Ex-Researcher at Cleveland Clinic Charged With Fraud for Allegedly Hiding Chinese Funding
‘PATTERN OF FRAUD’
A former doctor at the Cleveland Clinic Foundation was arrested on Wednesday for “deliberately” failing to disclose that he previously worked for a Chinese university and also received grant money from a Chinese government program, according to a criminal complaint. Dr. Qing Wang, who lives in Ohio, received more than $3.6 million in grants from the National Institutes of Health. The NIH said it funded Wang’s research at the foundation based on “false representations and promises.” The doctor “knowingly failed” to inform the medical research center that he was previously the dean at the College of Life Sciences and Technology at the Huazhong University of Science and Technology, the complaint alleges. He also did not disclose that he was the grant recipient of the National Natural Science Foundation of China.

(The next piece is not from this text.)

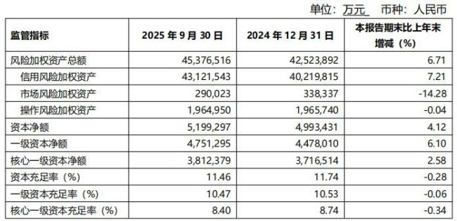 资本充足率全面下滑更是桂林银行面临的棘手问题。2025年三季度,该行资本充足率、一级资本充足率、核心一级资本充足率三项指标全线下滑,分别降至11.46%、10.47%、8.4%,较去年底分别下降了0.28、0.06、0.34个百分点。这对于一家怀揣IPO梦想的银行而言,无疑是一个关键的制约因素。
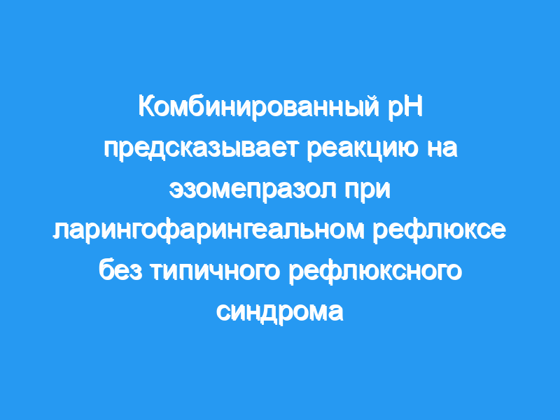 Цели/гипотеза: Факторы, предсказывающие эффективность ингибиторов протонной помпы (ИПП) у пациентов с подозрением на ларингофарингеальный рефлюкс (ЛПР), неясны. Лечение ИППП у пациентов без сопутствующего пищеводного синдрома остается спорным. Мы исследовали, может ли комбинированный рН предсказать реакцию на лечение ИППП при ЛПР с сопутствующим типичным рефлюксным синдромом (CTRS) или без него. Дизайн исследования: Проспективное открытое терапевтическое когортное исследование.

Wang was also allegedly involved in the Thousand Talent Program, a Chinese recruitment program that U.S. officials have designated as a threat to U.S. intellectual property. Wang, who became a researcher at the Cleveland Clinic Foundation in 1997, “engaged in a pervasive pattern of fraud,” said FBI Cleveland Special Agent in Charge Eric B. Smith. “As this case demonstrates, Chinese government-supported talent plans continue to encourage people, regardless of nationality, to commit crimes, such as fraud to obtain U.S. taxpayer-funded research,” said Robert Wells, assistant director of the FBI’s counterintelligence division.